The third and final keynote at the PASS Summit, and this morning I’ve been given a space on the official blogger table at the keynote! Actually this just means I’ve got a table to rest my laptop on and access to a power strip, but it’s an honour nonetheless.
There are several things that I saw yesterday that are worth mentioning. Probably the most interesting session was from Cathy Dumas about Tabular: among other things she demoed a DAX Editor plugin for BIDS SQL Server Data Tools that is going to make everyone’s life soooo much easier; it will give us something like an MDX Script editor, intellisense, colour coding and so on. She has blogged about it here and I can’t wait for it to be made available.
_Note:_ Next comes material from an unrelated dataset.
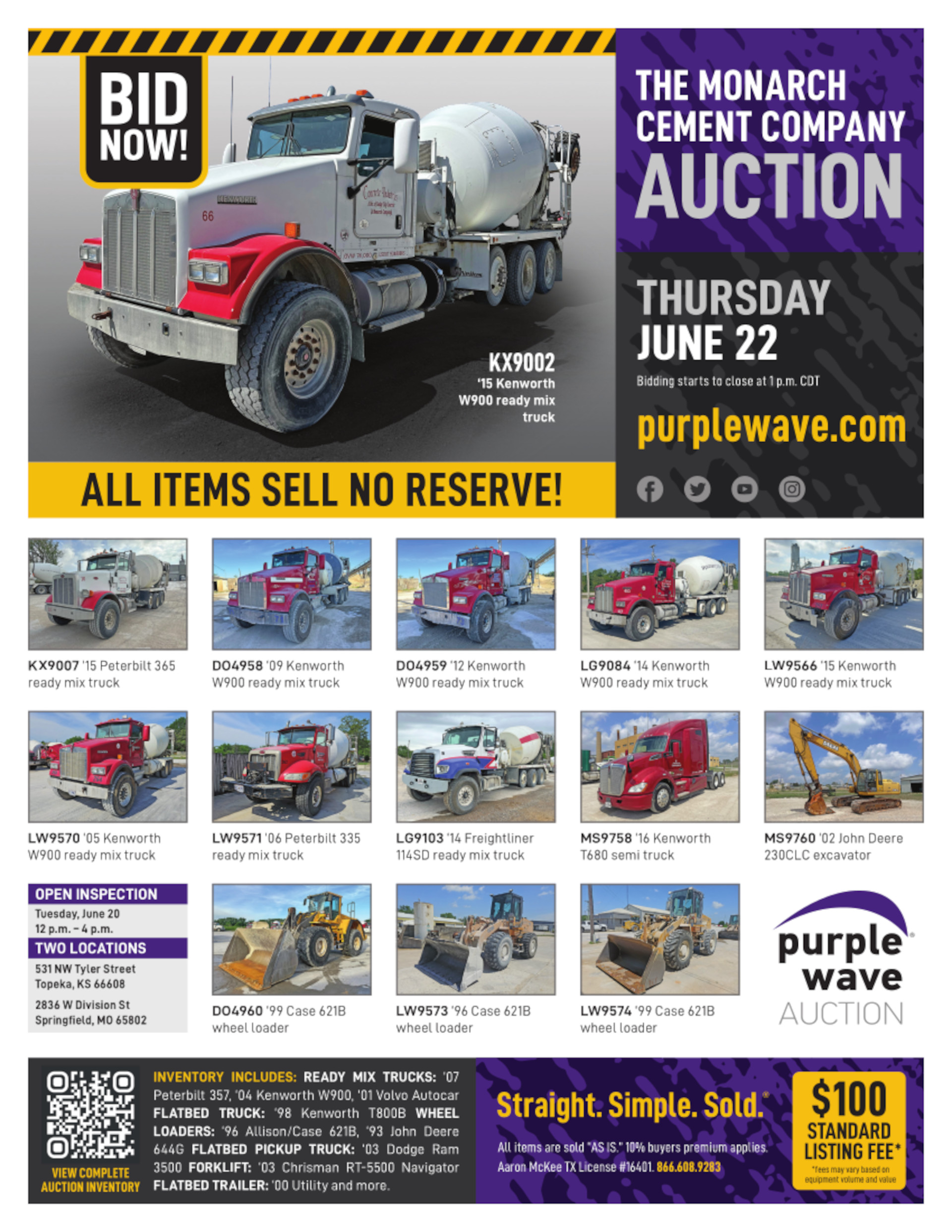 Terms, conditions, explanations and information in addition to those listed on this page are found in the Terms and Conditions section of this site and on the individual listing pages for all assets included in this auction. All terms, conditions, explanations and information are intended to be supplemental and complementary to each other. They are incorporated by reference into this page, and collectively they govern this auction. In the event of a conflict or inconsistency among terms, conditions, explanations or information in the Terms and Conditions section, the individual listing pages for assets and/or this page, the individual listing pages shall control this page and the Terms and Conditions section, and this page shall control the Terms and Conditions section. By registering to bid live and/or on the internet, you agree to abide by all terms and conditions and you acknowledge receipt of all explanations and information made available by Purple Wave.

Also I came across the Data Explorer team site and blog; if you are interested in getting to play with it when it’s ready then you get your email address added to the invite list.
Anyway, back to the keynote and today it’s PASS Summit favourite Dr David DeWitt covering Big Data. It’s not a standard marketing session, more of a lecture, and all the better for it; DeWitt is a very talented speaker and more importantly takes a balanced approach to describing the SQL vs NoSQL debate. Interesting points to note:
- He thinks that the arrival of NoSQL is not a paradigm shift, in the way that the move from hierarchical databases to relational databases was. The assertion that SQL is not dead, not surprisingly, goes down well with this audience.
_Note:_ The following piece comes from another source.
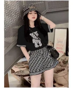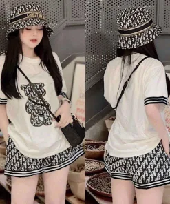 SET BỘ THUN NỮ HỌA TIẾT DIOR IN HÌNH GẤU FORM RỘNG SA690 – SAM FREESIZE < 55KG

- Hadoop. I’m not even going to try to summarise this section of the talk but it is an excellent introduction to how it works, and if you’re even vaguely interested in Hadoop (which you should be given Thursday’s announcements) then you need to watch this – I believe will be available to view on demand somewhere (the slide deck is here). It is, honestly, the best explanation of all this I’ve ever seen and there are several thousand people here in this room who agree with me…
- He does a comparison of Hive vs Parallel Data Warehouse v.next on the same queries, same data and same hardware, and shows that PDW can outperform Hive by up to 10x. This demonstrates that a parallel database still has advantages over a NoSQL approach as far as performance goes in many cases, although of course each has its own strengths and weaknesses and performance isn’t the only consideration.
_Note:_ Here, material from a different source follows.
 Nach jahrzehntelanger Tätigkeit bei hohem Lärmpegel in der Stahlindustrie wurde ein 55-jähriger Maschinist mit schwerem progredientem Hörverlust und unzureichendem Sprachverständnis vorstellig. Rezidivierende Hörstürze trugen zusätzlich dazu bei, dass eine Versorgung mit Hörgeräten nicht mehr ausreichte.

This was not only an enthralling and educational talk, but it was also great marketing from Microsoft’s point of view. You can announce Hadoop for Windows to a room full of SQL Server types and however many whizzy demos you do, and however much woo-hooing goes on, if we don’t really understand the technology we’ll go back to our day jobs and ignore it. On the other hand, teach us what the technology actually does and you’ll get us interested enough to try it out for ourselves and maybe even use it on a project.
Finally, if you’re at the Summit today come and find me at the Birds of a Feather lunch on the SSAS Performance Tuning table, or later on the BI Expert Pod this afternoon.